Multisensory category learning differs fundamentally from unisensory category learning. The former requires not only independent processing of modality-specific representations (e.g., visual, auditory, and olfactory information) but also hierarchical integration of cross-modal information to ultimately achieve categorical decisions through intermodal synthesis. Notably, its cognitive mechanisms diverge from basic processing stages such as multisensory information detection, memory, and associative learning, transcending memory encoding at the level of single features or exemplars. The core challenge lies in extracting common features across multisensory objects and elevating concrete experiences to abstract conceptual representations (Li et al., 2012). This cognitive-level transition implies that principles derived from unisensory learning paradigms and memory encoding mechanisms revealed in multisensory processing studies cannot be directly extrapolated to multisensory category learning (Seger & Miller, 2010). This research domain requires an independent theoretical framework to uncover its unique neurocognitive mechanisms.

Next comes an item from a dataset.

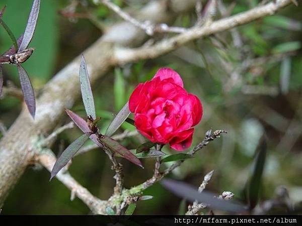 像是迷你玫瑰花的松紅梅。

Unisensory Category Learning

Neuroimaging studies of visual category learning have revealed that classification processing primarily involves two stages: perceptual encoding and categorical feature discrimination (Freedman et al., 2003; Jiang et al., 2007; Jiang et al., 2018; Scholl et al., 2014). The N1 component, emerging as the first negative deflection 150–200 ms post-stimulus, is significantly associated with stimulus detection (Busse et al., 2005) and feature encoding (Sinnett et al., 2007), providing direct evidence for early shape and feature perception in category learning (Scholl et al., 2014). Freedman et al. (2003) employed intracranial recordings in macaque categorization tasks, finding that the inferior temporal cortex exhibited stimulus-specific activation within 100 ms for shape features, while the prefrontal cortex selectively processed abstract categorical dimension information within 200 ms—temporal dynamics that corroborate hierarchical model assumptions.

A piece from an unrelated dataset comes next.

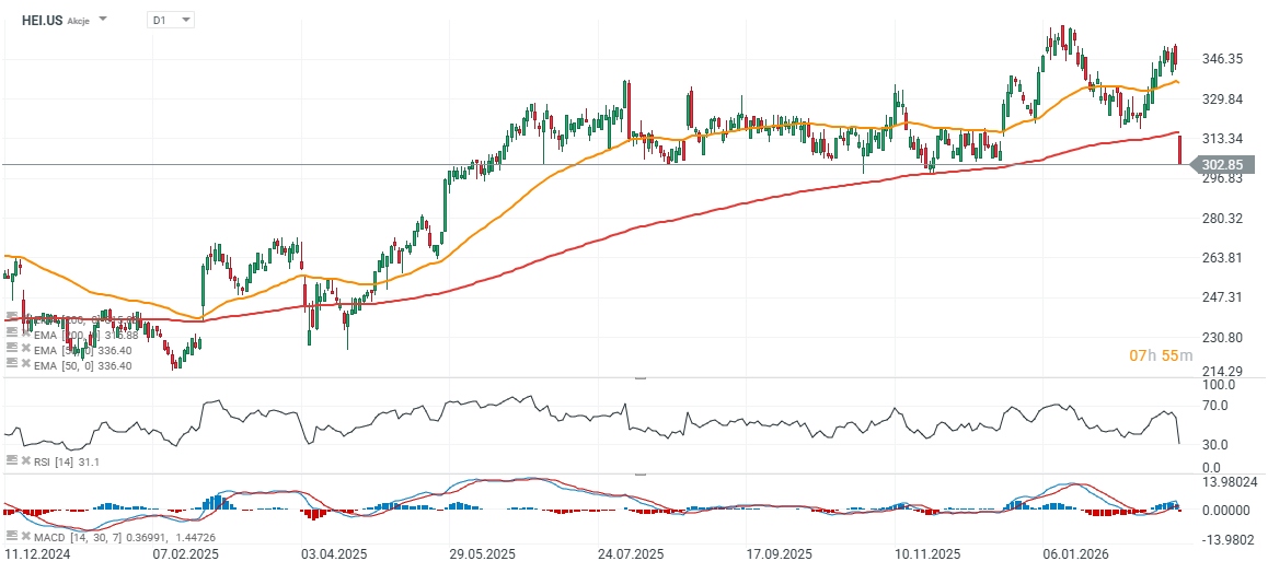 Sezónně očištěné nové žádosti dosáhly za týden končící 21. února 212 tis., což je o 4 tisíce více oproti předchozímu, směrem nahoru revidovanému údaji, avšak pod konsensem Dow Jones na úrovni 215 tis. Čtyřtýdenní klouzavý průměr vzrostl pouze o 750 na 220 250. Pokračující žádosti, zveřejňované s týdenním zpožděním, klesly o 31 tisíc na 1,833 mil. Data naznačují pravděpodobné prodloužení pauzy v uvolňování měnové politiky Fedu. Více než 3% pokles akcií Nvidia zatěžuje širší tržní sentiment, zatímco letecká a obranná společnost Heico (HEI.US) ztrácí téměř 13 %.

During advanced cognitive processing stages, the N250 and FSP (Frontal Selection Positivity) components are closely linked to semantic concept processing. Experimental evidence demonstrates that category-relevant stimuli elicit stronger N250 and FSP components at 250 ms compared with irrelevant stimuli (Folstein, Monfared, et al., 2017). Scholl et al. (2014) further observed that between-category stimuli evoked significantly more negative potentials in the parietal cortex than within-category stimuli during the 200–300 ms time window. These electrophysiological features collectively indicate that category judgment follows a hierarchical processing pattern from primary feature perception to high-level categorical decision-making.

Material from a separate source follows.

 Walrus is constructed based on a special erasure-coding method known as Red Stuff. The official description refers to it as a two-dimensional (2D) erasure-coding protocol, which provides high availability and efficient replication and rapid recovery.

Previous research evidence indicates that unisensory category learning comprises early feature perception and late categorical decision stages (Freedman et al., 2003; Jiang et al., 2007; Jiang et al., 2018; Scholl et al., 2014). Unlike unisensory category learning, multisensory category learning additionally involves a critical stage of perceiving and integrating information across different modalities. However, which specific ERP components correlate with this processing stage remains unclear.

Multisensory Information Integration, Memory, and Paired Association Learning

ERP studies of multisensory information processing have revealed that, at the detection level, multisensory stimuli elicit significantly enhanced early evoked potentials within 100 ms compared with unisensory stimuli (Cappe et al., 2012; Ghazanfar & Schroeder, 2006; Giard & Peronnet, 1999; Senkowski et al., 2011; Van der Burg et al., 2011), with semantically congruent information producing larger amplitudes in the 180–210 ms time window (Hu et al., 2012). Memory research demonstrates that multisensory encoding enhances recognition accuracy, with neural manifestations of amplitude enhancement in 100–130 ms and 270–316 ms time windows (Thelen et al., 2012; Thelen et al., 2014). In cross-modal paired association learning, visuo-tactile associative learning modulates N400 and Late Posterior Negativity (LPN) amplitudes, with significant differences between N400 and LPN components in the well-learned versus initial learning stages (Gui et al., 2017).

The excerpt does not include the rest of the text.